This is what a typical fire in my stick burner looks like. Once the steel is heated it doesn't take much of a bed of coals to keep the heat steady. The residual heat in the steel is doing the work. Sometimes I have to add wood when it's really not needed just to keep enough coals to ignite the next piece of wood. I have splits of all different sizes and use them all during a cook. From pencil size splits all the way up to 6 to 8 inch splits.













100_0209.jpg



__ 3montes
__ May 12, 2016






Similar to what Dave was talking about. A good bed of coals with splits on top. There is a fine line here. You don't want smoldering for any length of time you will get too much creosote and your meat will have a bitter taste.

Most of the time all I can see is a heat signature coming out of my exhaust with a whisp of smoke every now and again.

This is a pic of my exhaust during a cook.
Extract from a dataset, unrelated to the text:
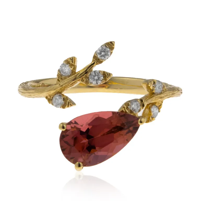 Entdecken Sie die bezaubernde Schönheit dieses Rings aus 585er Gelbgold mit einem auffälligen Neon Turmalin im Tränenschliff von 1,93 Karat aus der DR Kongo, der in ein skurriles, von Zweigen inspiriertes Band eingefasst ist. Akzentuiert mit sieben Diamanten der Reinheit I1 von insgesamt 0,152 Karat, fängt dieses Stück die Essenz der Natur mit einem luxuriösen Twist ein. Es ist ein vielseitiger Schatz für jede Schmucksammlung und eignet sich perfekt, um einem Abendkleid einen leuchtenden Farbakzent zu verleihen oder ein legeres Ensemble aufzuwerten.
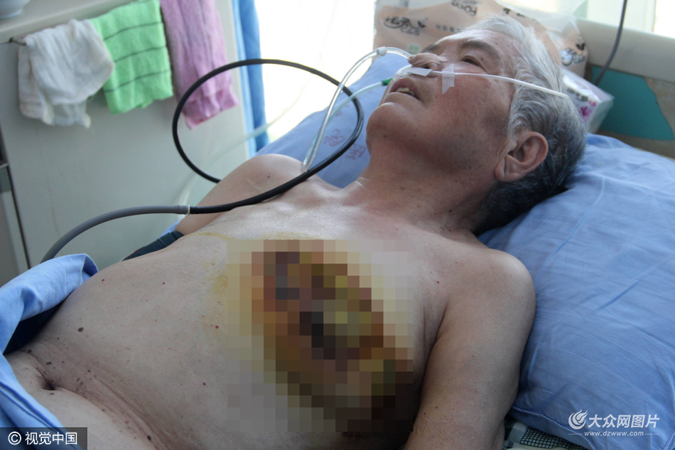 2016年8月29日,山東東營,76歲的于愛英老人在東營市人民醫院接受治療,身上多處受傷。日前,老人遭到兒子兒媳虐待,左側乳房被用烙鐵燙傷。

When I see that I know it's time to stir the wood in the fire box. That's a little too thick for me. Sometimes I will let that go for 15 or 20 minutes if I think I want something to have a little stronger smoke flavor. But at this point I can open the fire box and poke the wood around get a little flame going to settle the smoke back down and get back to my heat signature.

Whats coming out of your exhaust will tell you everything you need to know about what's going on and what you need to do next.













708006d9-ba6b-4c5e-a3b8-822f3a4ce2da.jpg



__ 3montes
__ May 12, 2016






Stick with it and don't get discouraged. Stick burning has a learning curve but once you get there it's second nature. Nothing more rewarding than stick burning.


----------



## averlin (May 12, 2016)

Thanks for the advice, I'm going to try this next time (big fire, let it cool and run at 150 for an hour or so).  I had the leftover ribs today and I was able to tell that I used hickory this time and not cherry, which was good (perhaps too much smoke in the lungs yesterday) however I still think the smoke flavor was way too mild.  

3montes, I usually keep the smoke running clear because I thought that was right, the minute I see white smoke I'm getting the flames back up with splits (and leaving the fire box door open until it's clear again).  I like what you're saying about leaving it going with the white smoke for a little while to bring up the smoke flavor, I'm going to give that a try.


----------



## stickyfingers (May 12, 2016)

DaveOmak said:


> timmy, evening.....  As near as I can tell, you might have a flame burning in the firebox of the smoker....  are you building a small fire and continuing with that for the duration of the smoke ??  If so, build a big, BIG fire in the firebox, when it get to coals, add a split or two.... or throw in a couple of chunks of flavor wood....   you do not want any flames in the firebox....  flames consume smoke like an afterburner...  once the chunks or splits are thrown in, they should smolder giving off smoke....  bed of coals for heat, hunks for smoke and flavor..... control the cooker temp with the air intake to the firebox.... leave the exhaust stack wide open....
> 
> Dave


Nailed it!


----------



## 3montes (May 12, 2016)

I've never used a reverse flow so I can't speak from experience in regards to that. Could be a lot of different factors going on here. Maybe your expectations of what smoked foods should taste like is different from others. If you want a heavy smoke flavor you will need a heavy smoke which means a cold smoldering fire. As I said earlier there's a fine line between smoke flavor and bitter creosote flavor. Myself I prefer a milder smoke flavor. I don't like anything that totally over powers the natural flavor of the meat.

You can try your method stated above but you will won't be accomplishing much at 150 degrees except keeping your meat in the danger zone longer.

Try some hickory salt in your rubs or some of the other smoked spices to amp up the smoky flavor more. The Spice house or Savory's carry all sorts of smoke spices such as paprika, salt pepper and so on.


----------



## averlin (May 16, 2016)

I've tried a lot of BBQ around the country, some over smoked (bitter creosote) and some (like mine) too little smoke flavor.  When I get the chance, I'm going to try some of these techniques and see if I can get what I'm looking for.


----------



## daniels (May 16, 2016)

Every time I smoke fish, chicken, pork, or whatever it ALWAYS tastes better to me the next day.  A good part of the flavor of food is the aroma.  I think my nose gets saturated with the wonderful smell of wood smoke while I'm smoking meat and I can't smell well for the rest of the day.  The next day ... mmmmm!


----------



## krex1010 (May 16, 2016)

cliffcarter said:


> Sounds like you may be desensitized because you are cooking with wood. You get smoke all over you, you are breathing it, it's on your clothes, in your hair and so forth. While the meat is resting or just before you are ready to take it off, take a quick shower and change your clothes, it will make difference.


This was my first thought, after spending hours tending the smoker I definitely am less sensitive to smoke flavor and smell...kinda like when you catch a whif of the clothes you were wearing while cooking he next day they reek of smoke but while you were cooking you could barely notice. I always enjoy taking a break, after I pull the meat, a shower and a change of clothes will reset you.


----------



## averlin (May 31, 2016)

I did spare ribs again the other day for Memorial Day and got great results.  All I did different was I let the fire smolder a little more than I usually would, I let a little white smoke run through and some lower temps while the fire wasn't flaming up.  The result was a nice, stronger than usual hickory flavor.  Not too strong but better than what I was getting.  Of course, as always, the flavor was even better the next day.


----------